[[ DATA PROVIDED open ]]

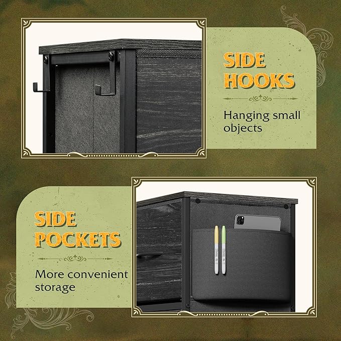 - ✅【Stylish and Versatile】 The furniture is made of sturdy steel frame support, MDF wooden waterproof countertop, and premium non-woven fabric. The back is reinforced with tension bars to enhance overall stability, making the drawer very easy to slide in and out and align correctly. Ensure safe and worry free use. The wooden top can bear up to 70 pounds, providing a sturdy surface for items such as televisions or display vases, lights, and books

[[ DATA PROVIDED closed ]]
[[ DATA PROVIDED open ]]

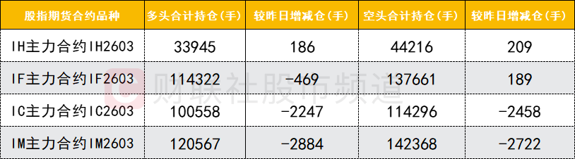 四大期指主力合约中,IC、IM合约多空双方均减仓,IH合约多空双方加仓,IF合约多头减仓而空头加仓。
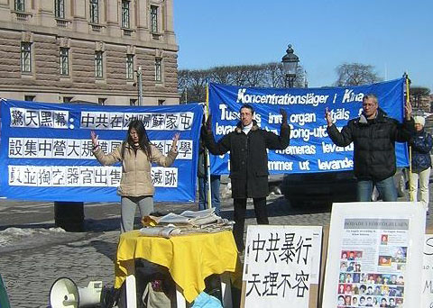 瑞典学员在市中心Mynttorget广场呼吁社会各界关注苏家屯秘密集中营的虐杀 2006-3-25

[[ DATA PROVIDED closed ]]

The answer must be the part of the records that opens with the line containing "四大期指主力合约中,IC、I" and closes with the line containing "瑞典学员在市中心Myntto", reproduced exactly, with no pictures.

 四大期指主力合约中,IC、IM合约多空双方均减仓,IH合约多空双方加仓,IF合约多头减仓而空头加仓。
 瑞典学员在市中心Mynttorget广场呼吁社会各界关注苏家屯秘密集中营的虐杀 2006-3-25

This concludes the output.